Collected data:
■ ■ ■ ■

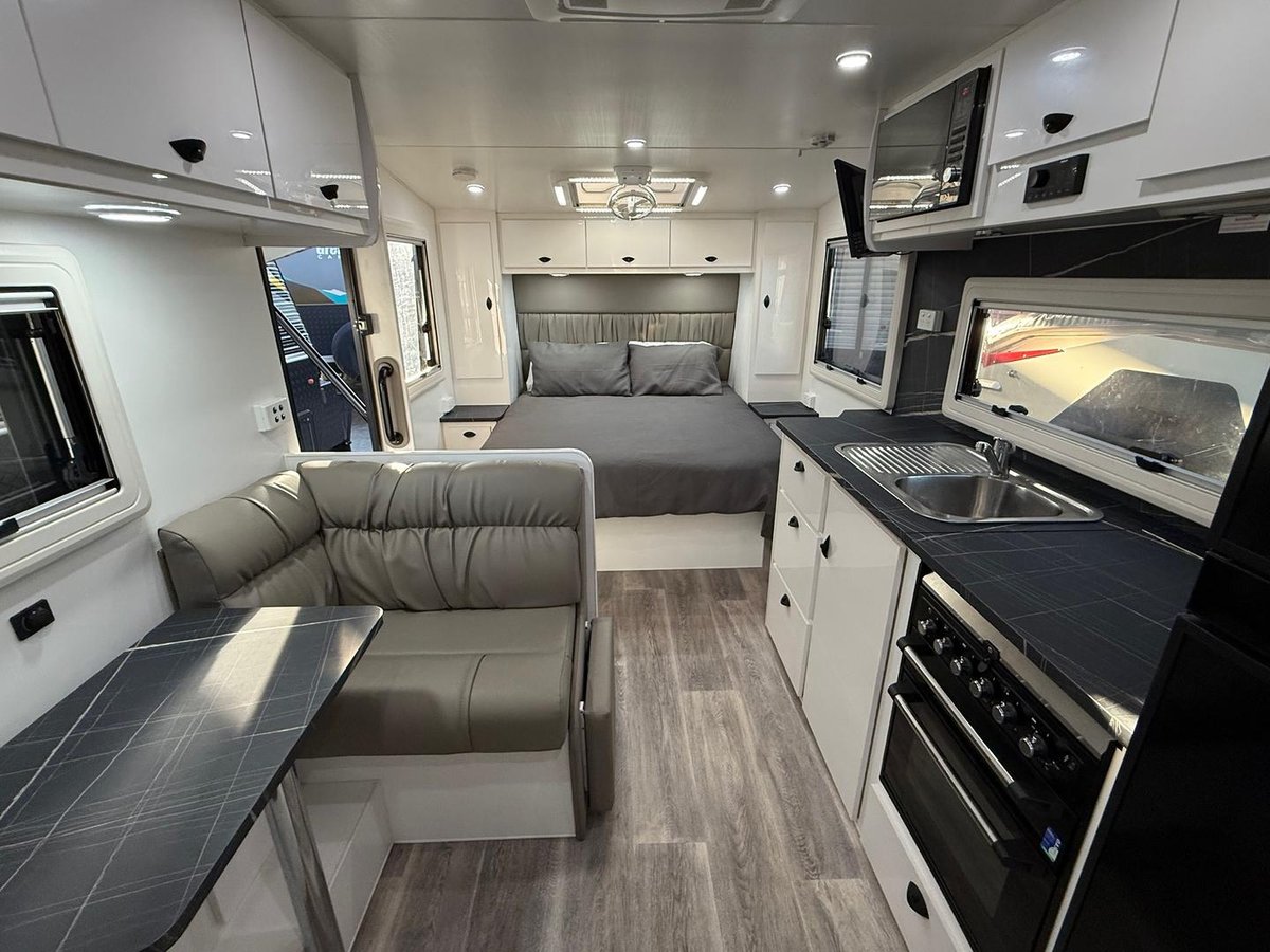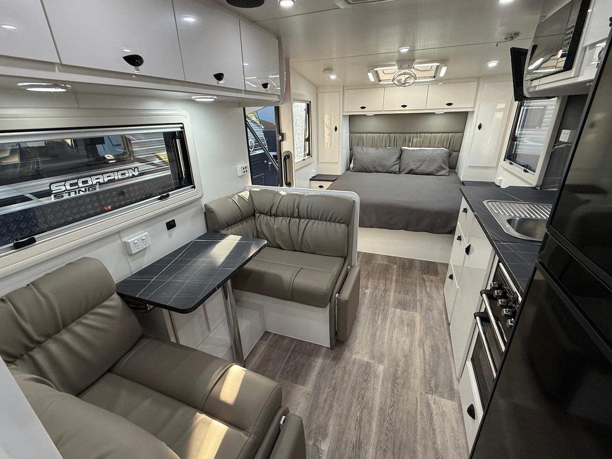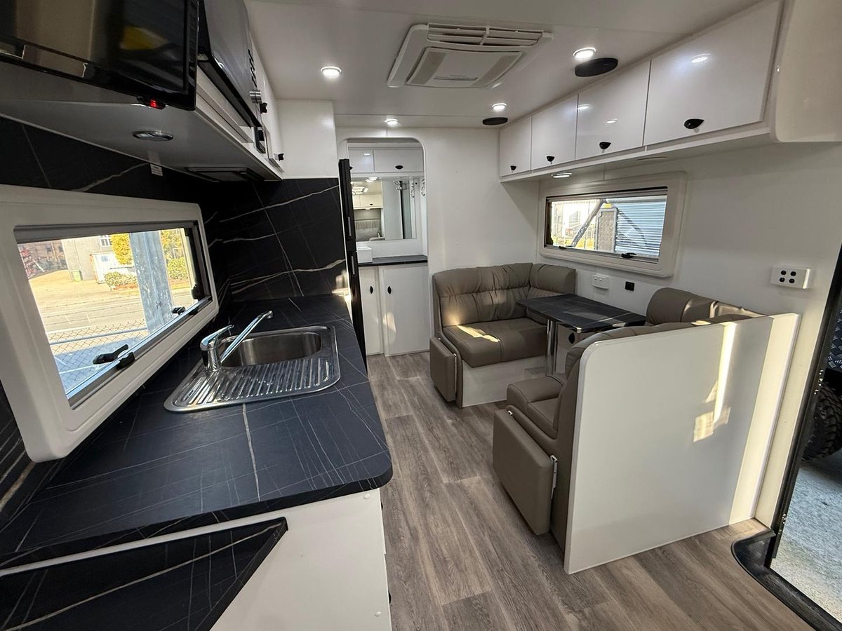 Interior Comfort: 25mm benchtops, steel-sided drawers, innerspring mattress, upholstered seating, LED lighting, vanity mirror, 12V Sirocco fan, and a one-piece floor for durability.
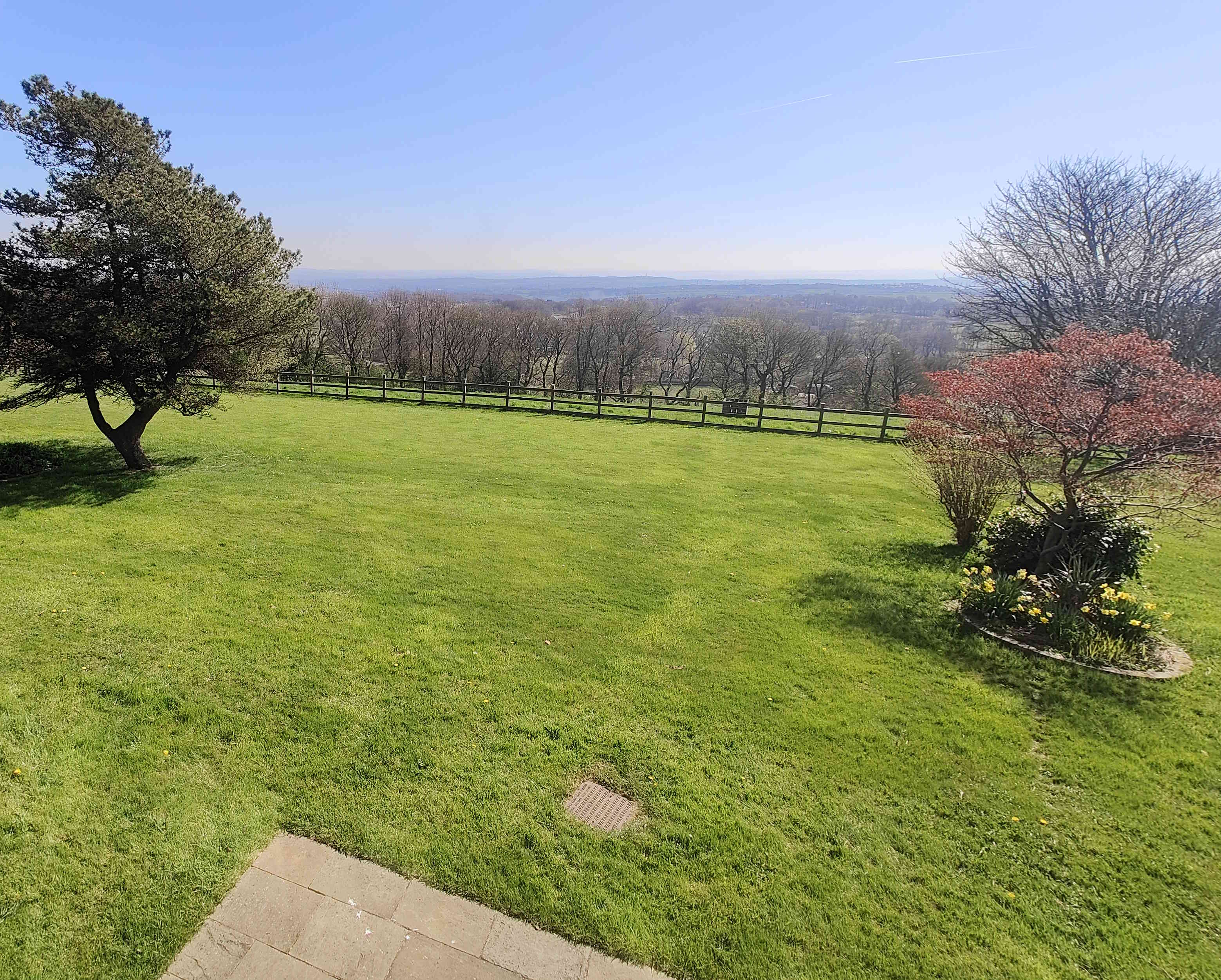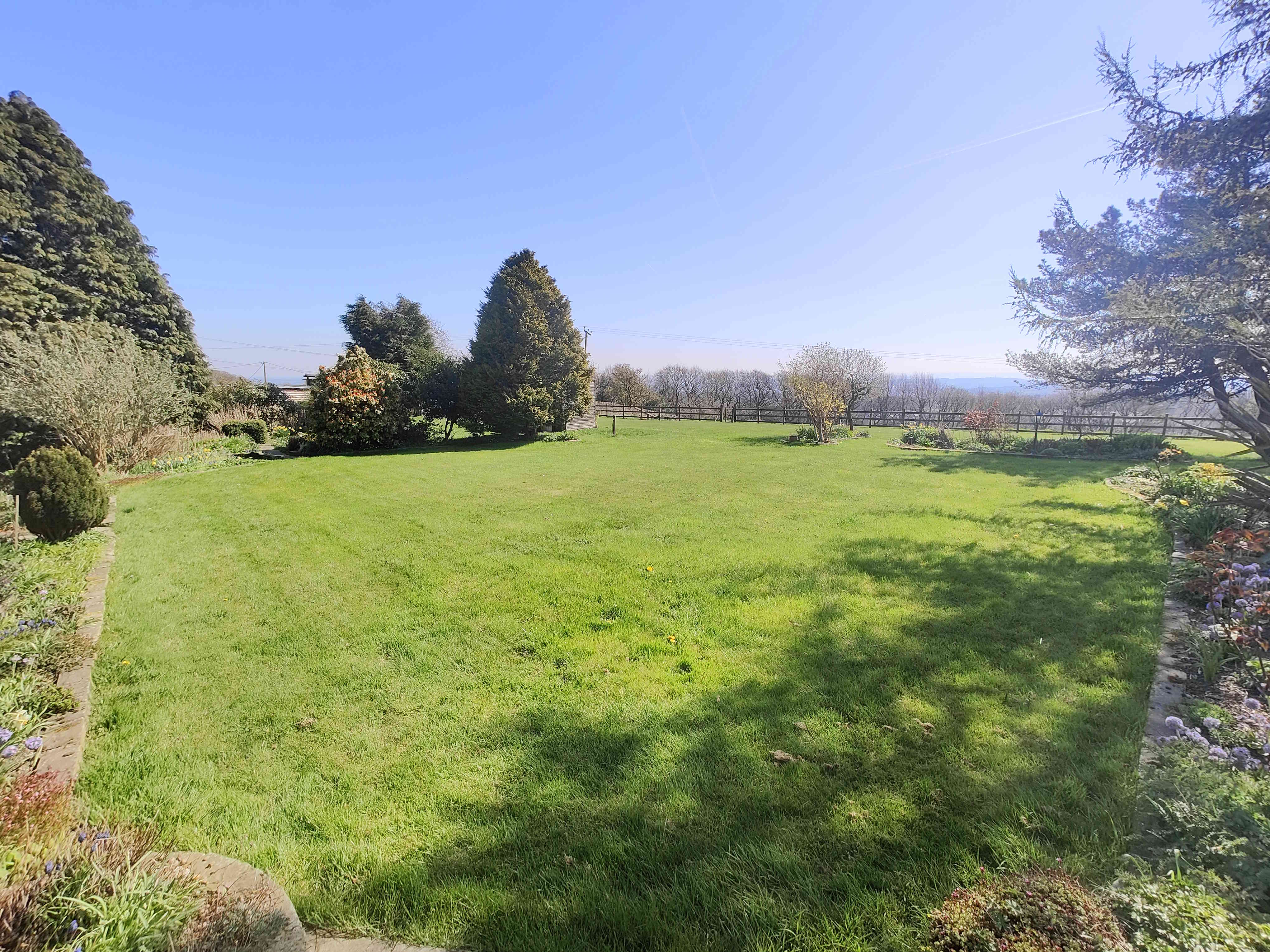 An expansive south facing garden is positioned to the rear of the property and, being approximately ¾ acre in size, presents the ideal space to sit out and relax or for children and pets to play. The perfect location for garden parties, the garden is enclosed by wooden fence and stone wall to the border and is adorned with an assortment of trees and flowerbeds. To one corner is a wooden shed for garden tool storage. Photos and words cannot fully show how picturesque this garden is, with its stunning, far-reaching views. To stand and fully experience it in person is the only way to really appreciate the amazing outlook.
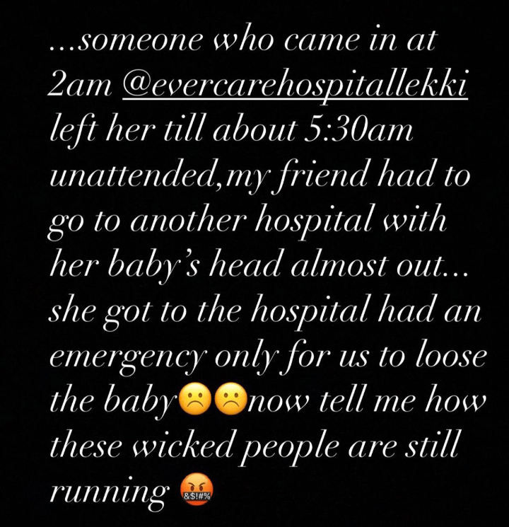 “Someone who came in at 2am @evercarehospitallekki left her till about 5:30am unattended, my friend had to go to another hospital with her baby’s head almost out… she got to the hospital had an emergency only for us to loose the baby now tell me how these wicked people are still running.
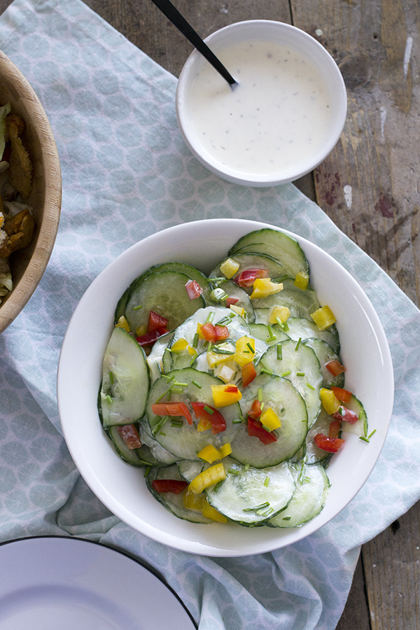 De komkommer schaaf ik het liefst in dunne plakjes, ik ben geen fan van het raspen van komkommer omdat er dan veel vocht vrij komt. En breng ik op smaak met knoflooksaus gemengd met yoghurt. De knoflook brengt de komkommer goed op smaak, maar niet te heftig. Bieslook en blokjes paprika maken de salade af. En dat was het, super simpel maar ook super lekker.
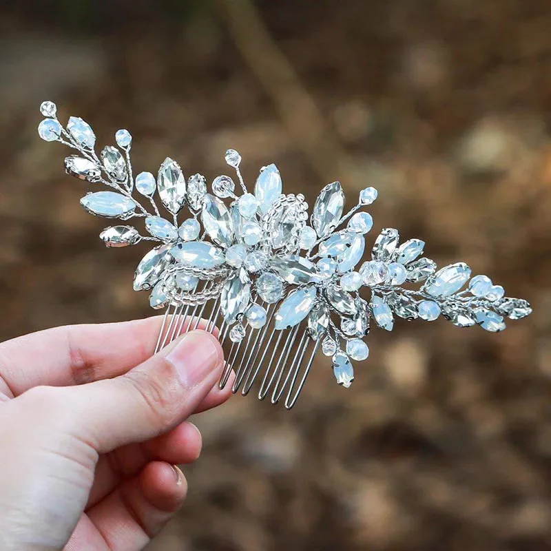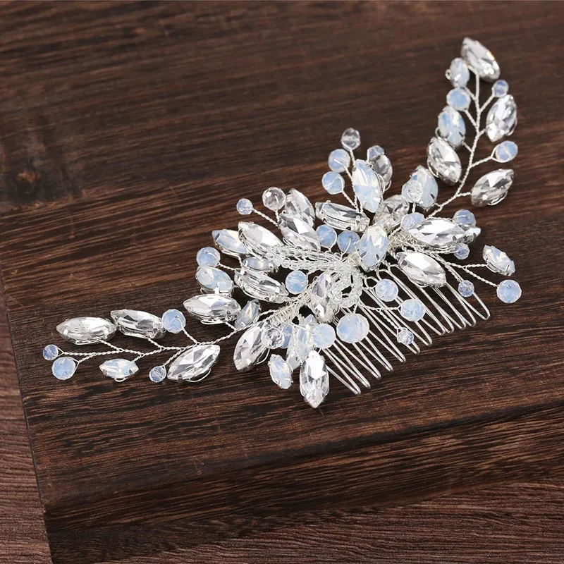 HOT Sale Opal Crystal Pearl Bride Hair Comb Princess Wedding Crown Headbands Handmade Pearl Hair Combs Weddi
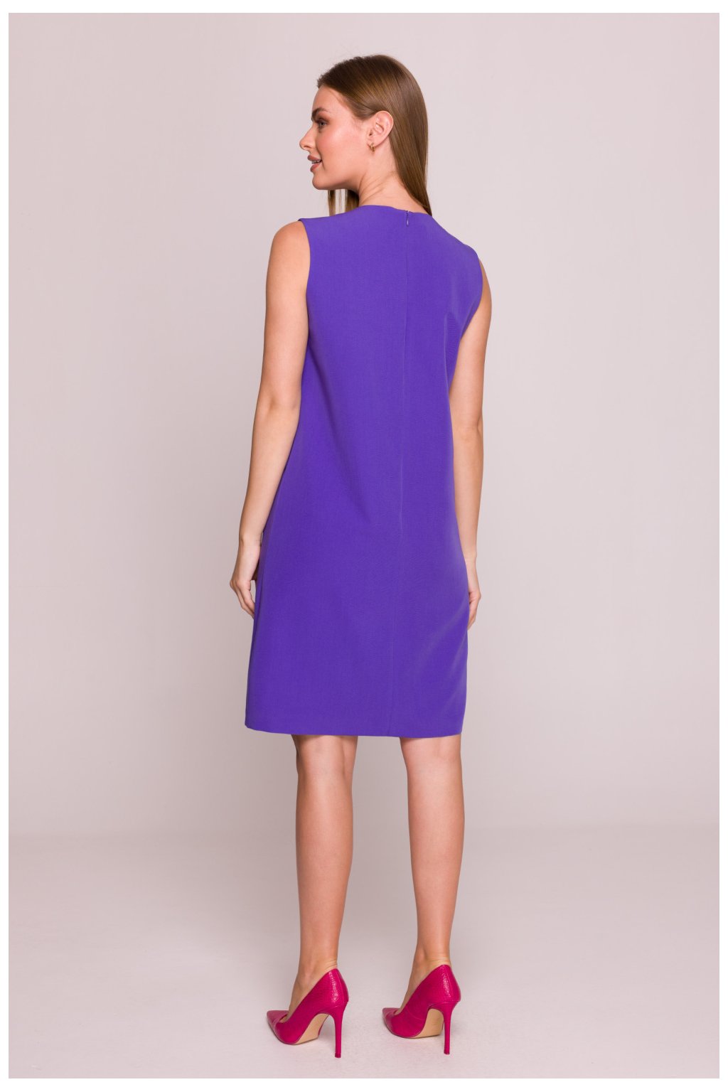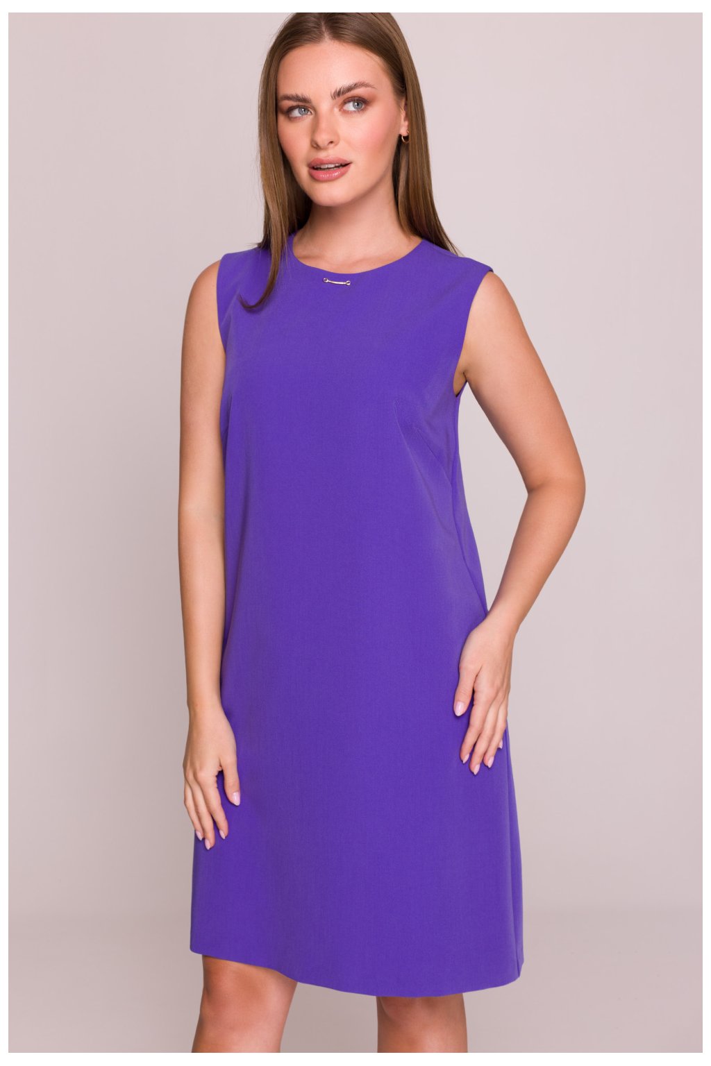 Elegantní šaty vyrobené z hladké, lehce elastické látky s saténovým povrchem, který jemně leskne a dodává celku výjimečný charakter. Model s kulatým výstřihem pod krkem zdobený kovovým detail, který dodává jemnou eleganci. Šaty bez rukávů, zapínající se na skrytý zip vzadu, co zajišťuje pohodlí nošení a minimalistický vzhled. Střih je rovný, trapezový, volný a neopínavý na postavu, ideální na každý den a do kanceláře. Šaty mají podšívku, která zvyšuje pohodlí a odolnost oblečení. Délka před koleno zdůrazňuje ženskou siluetu a zároveň poskytuje volnost pohybu. Navrženo a ušito v Polsku.Polyester 65 %
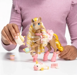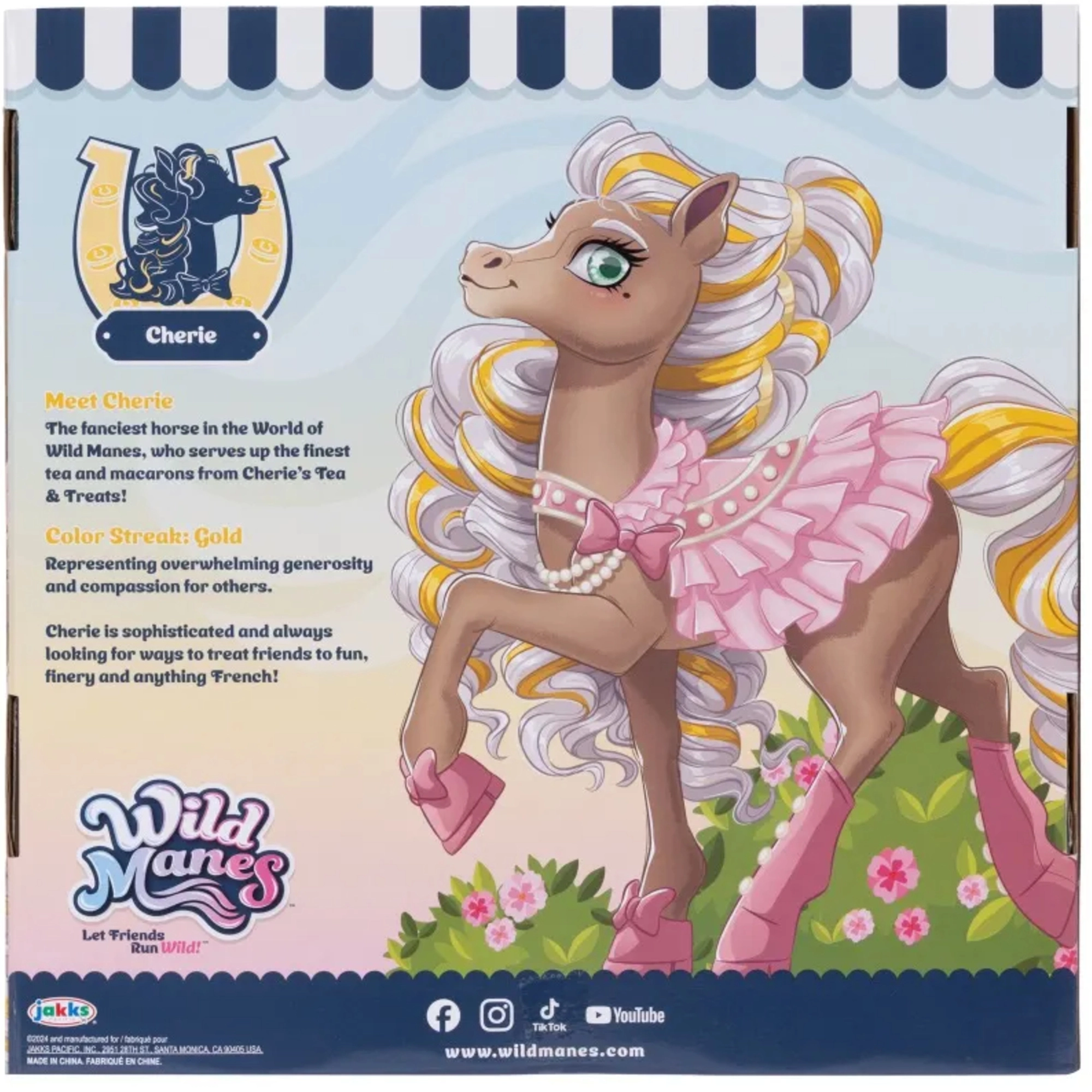 La figurine Cherie en jupe rose et petites bottines est prête pour une tea party. Grâce à ses jambes articulées, vous pouvez la positionner facilement et recréer des scènes du monde WILD MANES. Sa longue crinière ondulée et sa queue, avec des rayures dorées, invitent au coiffage et au stylisme.
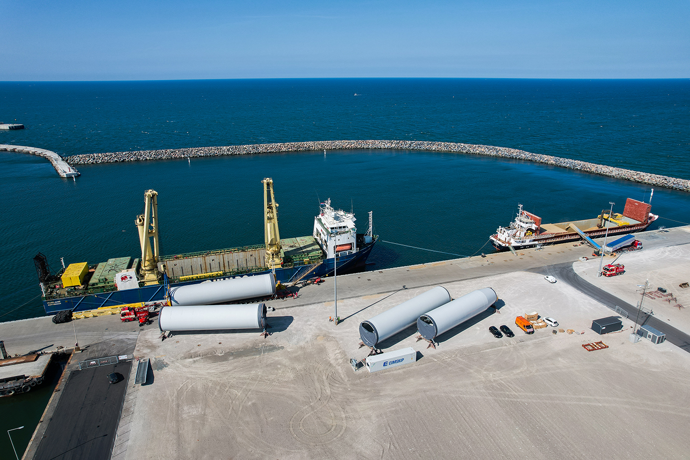 Hanstholm Havn rummer gode betingelser for effektiv håndtering og transport af vindmølledele, hvor store erhvervsområder er dedikeret til opbevaring, samling og pre-assembly af store komponenter.
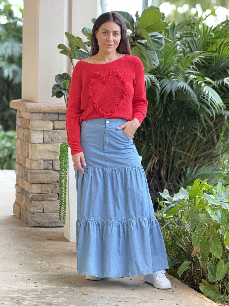 Long Matte Jersey Dress with Sweetheart Heat Set Embroidered Neckline and Cascade Detail Skirt
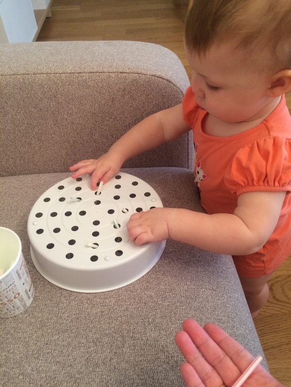 у нас была подобная игра в дуршлаг зубочистки проталкивал. сыну 2.3 года и иногда просит поиграть в нее.

■ ■ ■ ■

> _TASK TO CARRY OUT_
Copy exactly and only this span: the line with "La figurine Cherie" through the final line of the entries, both ends included, with the pictures left out.

> _OUTPUT_
 La figurine Cherie en jupe rose et petites bottines est prête pour une tea party. Grâce à ses jambes articulées, vous pouvez la positionner facilement et recréer des scènes du monde WILD MANES. Sa longue crinière ondulée et sa queue, avec des rayures dorées, invitent au coiffage et au stylisme.
 Hanstholm Havn rummer gode betingelser for effektiv håndtering og transport af vindmølledele, hvor store erhvervsområder er dedikeret til opbevaring, samling og pre-assembly af store komponenter.
 Long Matte Jersey Dress with Sweetheart Heat Set Embroidered Neckline and Cascade Detail Skirt
 у нас была подобная игра в дуршлаг зубочистки проталкивал. сыну 2.3 года и иногда просит поиграть в нее.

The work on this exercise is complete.